Just looking for moral support (guarantee period just ended a month before of course ), and wondering if anybody else had this kind of repair.

Longer description: if I point the camera upward, it won't focus from distant to near, the focus group just slips. If I hold the camera pointing downwards everything works fine. Normal horizontal position will work sometimes.


----------



## Marsu42 (Sep 16, 2012)

Mappy said:


> Ouch! The focus system of my 70-200 F/4 IS was slipping (both in manual and auto), so I sent it in for repair: "600 euro to fix it". I'm almost doubting to get a new lens instead :-\



I know the shock you're in - and obviously for more expensive lenses Canon service charges even higher fees than for my old 100 non-L macro that broke down twice. My estimate is that they charge €200 just for disassembling the lens and picking up the screwdriver. €600 repair fee (w/o new warranty!) for a €1000 lens is really bordering on total loss ... obviously the service never tries a repair, but simply replaces everything that is remotely affected - might be indeed cheaper due to high technicians' fees.
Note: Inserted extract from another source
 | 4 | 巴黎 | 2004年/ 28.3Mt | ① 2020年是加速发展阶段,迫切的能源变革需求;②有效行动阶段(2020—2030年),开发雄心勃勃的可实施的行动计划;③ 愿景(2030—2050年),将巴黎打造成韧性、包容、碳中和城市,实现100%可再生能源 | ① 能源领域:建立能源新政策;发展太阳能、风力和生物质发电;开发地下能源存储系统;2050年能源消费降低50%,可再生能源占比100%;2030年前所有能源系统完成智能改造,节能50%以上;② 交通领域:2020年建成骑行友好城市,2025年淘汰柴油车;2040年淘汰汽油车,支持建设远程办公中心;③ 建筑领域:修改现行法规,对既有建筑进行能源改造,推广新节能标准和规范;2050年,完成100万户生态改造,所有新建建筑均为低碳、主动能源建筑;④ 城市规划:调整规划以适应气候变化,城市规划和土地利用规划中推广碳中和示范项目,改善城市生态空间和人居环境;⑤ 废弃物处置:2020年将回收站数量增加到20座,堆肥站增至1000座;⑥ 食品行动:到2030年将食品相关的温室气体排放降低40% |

Knowing Tamron has 6 years warranty... well, we all like Canon, don't we?

What does the cost estimate say is wrong w/ the lens? If it isn't detailed ask them again what they propose to do exactly. If you are going to buy a new one there's always the option to try to repair it yourself or let someone gearhead friend give it a try, disassembling and reassembling the thing isn't that hard (see youtube on this).


----------



## Mappy (Sep 16, 2012)

The list of things to do says:
FOCUS ASS'Y, USM
LENS ASS'Y, 3&4 GUIDE BARREL
COLLAR DECENTERIG REPLACE

And the written description was "need to replace an expensive part and takes a lot of time".

Taking a lens apart is doable, but keeping it dust-free when putting it back together (if you don't need replacement parts) is not so easy at home. So the options would be to have a lens for 600 euro, or have a toy/paperweight and a new lens with guarantee for 1000 euro...


----------



## Marsu42 (Sep 16, 2012)

Mappy said:


> So the options would be to have a lens for 600 euro, or have a toy/paperweight and a new lens with guarantee for 1000 euro...
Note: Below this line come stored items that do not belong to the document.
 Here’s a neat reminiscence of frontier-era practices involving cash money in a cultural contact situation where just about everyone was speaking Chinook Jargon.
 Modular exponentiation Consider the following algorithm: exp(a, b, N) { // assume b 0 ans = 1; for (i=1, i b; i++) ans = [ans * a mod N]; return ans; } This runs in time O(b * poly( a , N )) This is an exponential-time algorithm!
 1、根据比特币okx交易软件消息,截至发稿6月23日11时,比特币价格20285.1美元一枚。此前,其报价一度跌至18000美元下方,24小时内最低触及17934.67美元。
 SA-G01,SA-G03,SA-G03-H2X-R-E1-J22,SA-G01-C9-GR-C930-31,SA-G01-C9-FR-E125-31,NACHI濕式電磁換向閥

Personally I went the upgrade way (in your case 70-200/2.8) when they wanted to repair my €450 lens for €250 for the second time. In your case self-repair doesn't seem to be an option due to the replacement of a component - so I can only give you my condolences and note for myself that buying expensive lenses might result in expensive repairs with Canon's short warranty :-(


----------



## preppyak (Sep 16, 2012)

Doesn't help you now, but, this is why you should carry insurance on your gear. If my 70-200 has the same thing happen, the insurance company hands me a check for $1000 and I get a new one.


----------



## Mt Spokane Photography (Sep 16, 2012)

Mappy said:


> The list of things to do says:
> FOCUS ASS'Y, USM
> LENS ASS'Y, 3&4 GUIDE BARREL
> COLLAR DECENTERIG REPLACE
> ...


 
Canon lens assembly facilities do not have any special clean room, its pretty much like your home. They might use dry nitrogen to blow out any dust, but I doubt it. Getting dust in it is not a issue, but re-assembling it and adjusting the elements for decentering is a issue.
Sometimes you can come out ahead by selling it as-is on ebay to someone who needs it for parts, or can fix it for a few dollars. Those expensive parts are not really all that expensive if you put in used ones.


----------



## Mappy (Sep 16, 2012)

preppyak said:


> Doesn't help you now, but, this is why you should carry insurance on your gear. If my 70-200 has the same thing happen, the insurance company hands me a check for $1000 and I get a new one.


I wonder if insurances would not put this off as 'normal wear', which is usually excluded.



Mt Spokane Photography said:


> Sometimes you can come out ahead by selling it as-is on ebay to someone who needs it for parts, or can fix it for a few dollars. Those expensive parts are not really all that expensive if you put in used ones.


Another good option. But I doubt I could sell it for 500 euro or more in this state


----------



## albron00 (Sep 16, 2012)

I've had the same problem with this lens: couldn't focus properly when pointing the lens up or down. 
Got repaired two weeks before warranty ends. 
They sent me the list of changed parts and the price I'd payed - 640 euros.
Crazy


----------



## paul13walnut5 (Sep 16, 2012)

What was the warranty period?

Was it the maufacturers / dealers 1 year warranty or an extended warranty?

Is there evidence of dropping or physical abuse to lens?

If you paid with your credit card you may have two years warranty...check the small print. 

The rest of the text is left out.